You may refer to [mmcv](https://mmcv.readthedocs.io/en/latest/utils.html#inherit-from-base-config-with-ignored-fields) for simple inllustration.
In MMSegmentation, for example, to change the backbone of PSPNet with the following config.
```python
norm_cfg = dict(type='SyncBN', requires_grad=True)
model = dict(
type='MaskRCNN',
pretrained='torchvision://resnet50',
backbone=dict(
type='ResNetV1c',
depth=50,
num_stages=4,
out_indices=(0, 1, 2, 3),
dilations=(1, 1, 2, 4),
strides=(1, 2, 1, 1),
norm_cfg=norm_cfg,
norm_eval=False,
style='pytorch',
contract_dilation=True),
decode_head=dict(...),
auxiliary_head=dict(...))
```
`ResNet` and `HRNet` use different keywords to construct.
```python
_base_ = '../pspnet/psp_r50_512x1024_40ki_cityscpaes.py'
norm_cfg = dict(type='SyncBN', requires_grad=True)
model = dict(
pretrained='open-mmlab://msra/hrnetv2_w32',
backbone=dict(
_delete_=True,
type='HRNet',
norm_cfg=norm_cfg,
extra=dict(
stage1=dict(
num_modules=1,
num_branches=1,
block='BOTTLENECK',
num_blocks=(4, ),
num_channels=(64, )),
stage2=dict(
num_modules=1,
num_branches=2,
block='BASIC',
num_blocks=(4, 4),
num_channels=(32, 64)),
stage3=dict(
num_modules=4,
num_branches=3,
block='BASIC',
num_blocks=(4, 4, 4),
num_channels=(32, 64, 128)),
stage4=dict(
num_modules=3,
num_branches=4,
block='BASIC',
num_blocks=(4, 4, 4, 4),
num_channels=(32, 64, 128, 256)))),
decode_head=dict(...),
auxiliary_head=dict(...))
```
The `_delete_=True` would replace all old keys in `backbone` field with new keys new keys.

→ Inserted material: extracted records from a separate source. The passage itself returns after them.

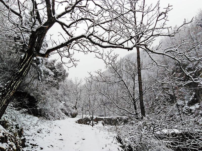 山路上的腳印,說(shuō)明仍有勤勞的村民冒雪進(jìn)山
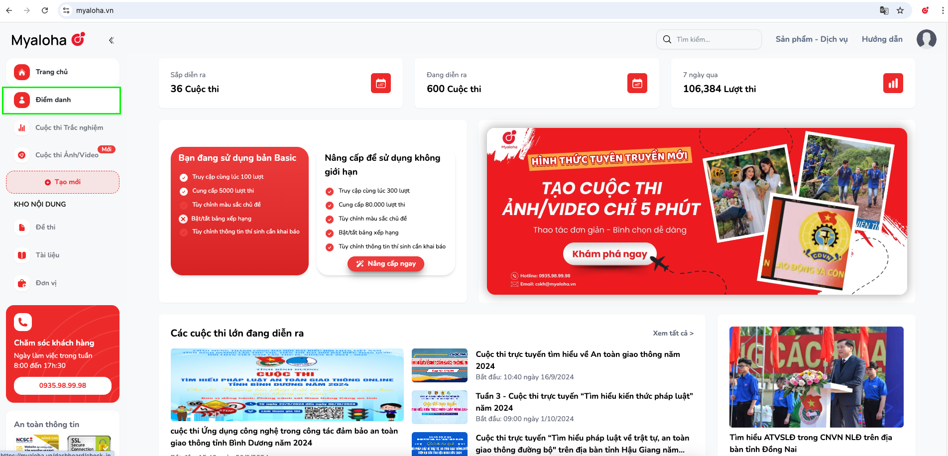 ### Bước 2. Sau khi đã truy cập Trang quản trị, chọn tính năng “Điểm danh"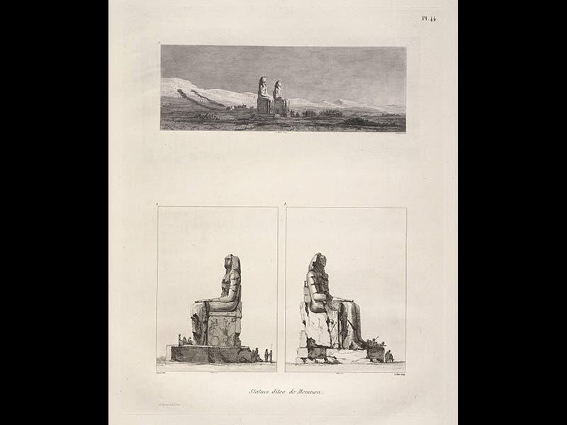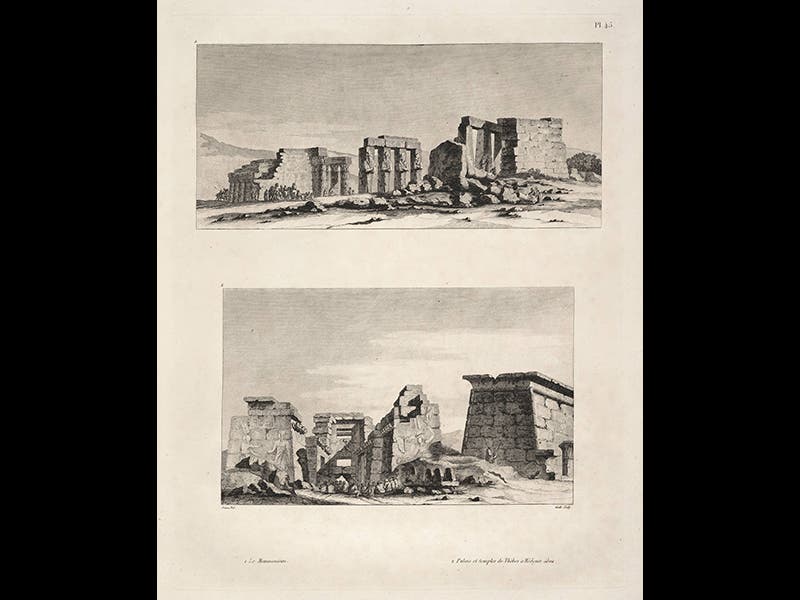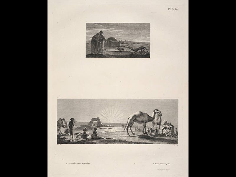 Denon himself headed back to Paris, where he soon published his Voyage dans la Basse et la Haute Egypte, pendant les campagnes du general Bonaparte (Voyage into Upper and Lower Egypt, 1802), which provided a first look at the wonders of Egypt for the public (the official publication of the expedition, Description de l'Egypte, would not begin to appear until 1809, and many of the plate volumes illustrating the antiquities would not be published until the 1820s). Denon himself was given directorship of the Louvre, or the Musée Napoleon, as it was then called, which he proceeded to fatten with the spoils of Napoleon's marauding through Europe, especially Italy. We have the original edition of Denon's Voyage in the History of Science Collection; it was displayed as part of our 2006 exhibition, Napoleon and the Scientific Expedition to Egypt.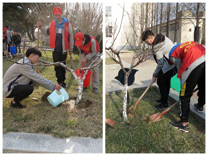 学管老师石风雷、张玉锋,给员工们分发劳动工具,分工开展志愿浇水活动。志愿者们拿着铁锹、水盆、水桶,松土、接水、运水、浇水,大家完全投入到植树节浇水活动中了。忙碌的劳动,让员工们额头上渗出了汗珠,但是看着露出嫩芽的树木,大家脸上都露出了会心的笑容。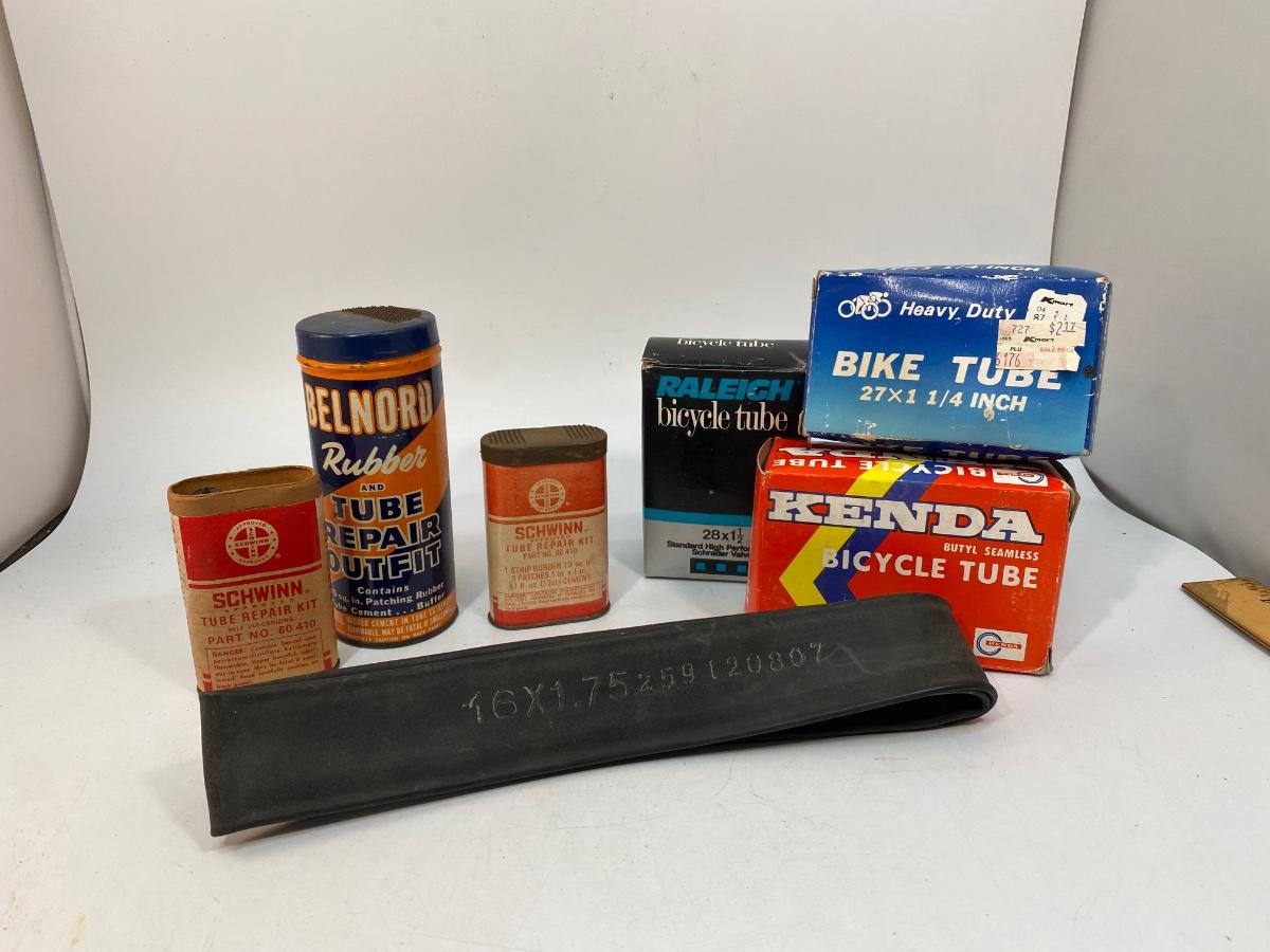 Vintage Bike Bicycle Tube & Patch Kit Lot. Old stock, good for display, tubes are unused.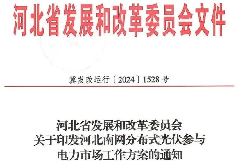 11月19日,河北省發(fā)改委印發(fā)關(guān)于《河北南網(wǎng)分布式光伏參與電力市場(chǎng)工作方案》的通知。通知明確,以2030年新能源上網(wǎng)電量全面參與市場(chǎng)交易為目標(biāo),遵循“先增量后存量、先商用后戶用、先試點(diǎn)后推廣”的原則有序、分類地推動(dòng)分布式光伏入市,最終實(shí)現(xiàn)與集中式新能源的入市電量比例相同,逐步引導(dǎo)分布式光伏合理承擔(dān)系統(tǒng)調(diào)峰、調(diào)頻等消納成本。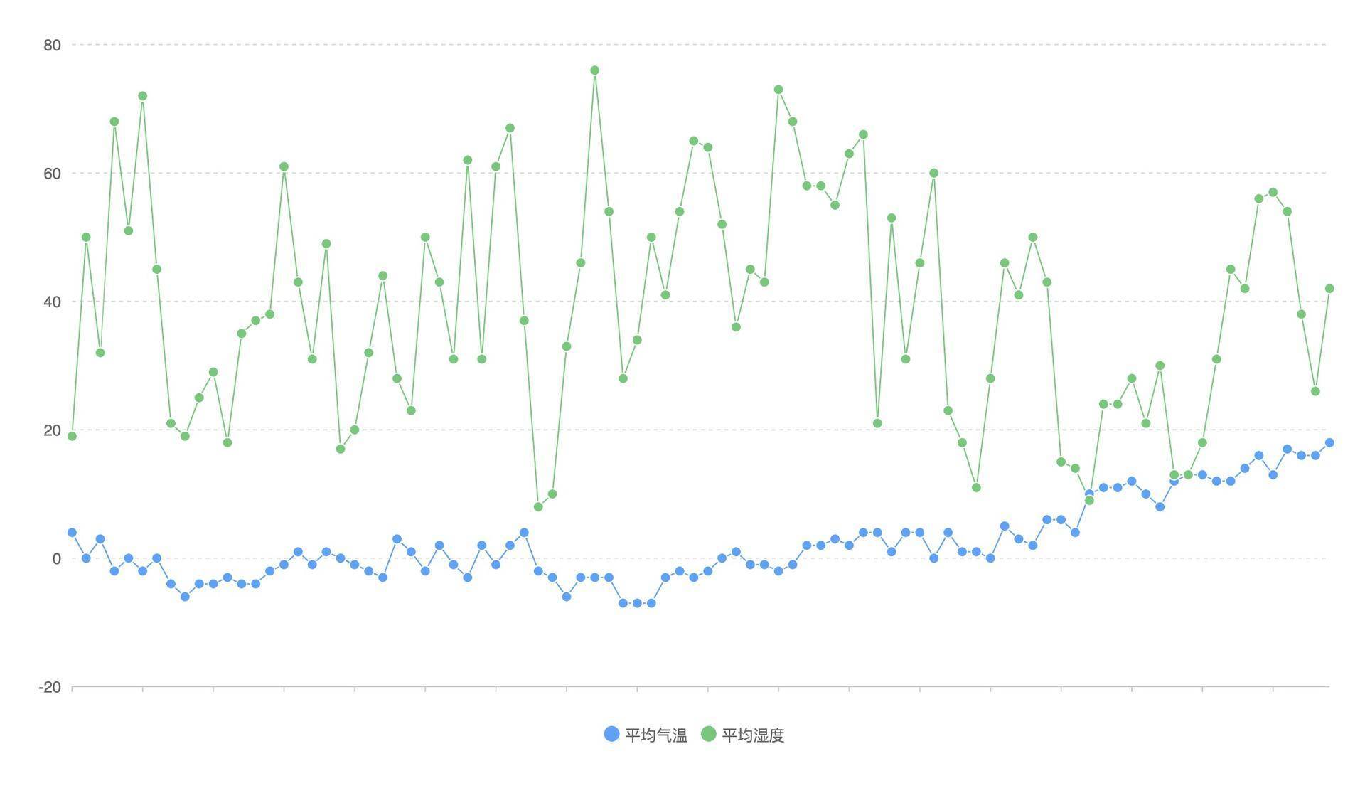 一般来说,要分析两个变量的相关性,我们可以使用散点图,散点图有两个坐标轴,其中一个坐标轴表示变量A,另一个坐标轴表示变量B。这里,我们将平均温度、相对湿度数据获取出来,然后用QCharts的散点图(Scatter)来渲染。具体的代码和示意图如下:

### Use intermediate variables in configs
Some intermediate variables are used in the configs files, like `train_pipeline`/`test_pipeline` in datasets.
It's worth noting that when modifying intermediate variables in the children configs, user need to pass the intermediate variables into corresponding fields again.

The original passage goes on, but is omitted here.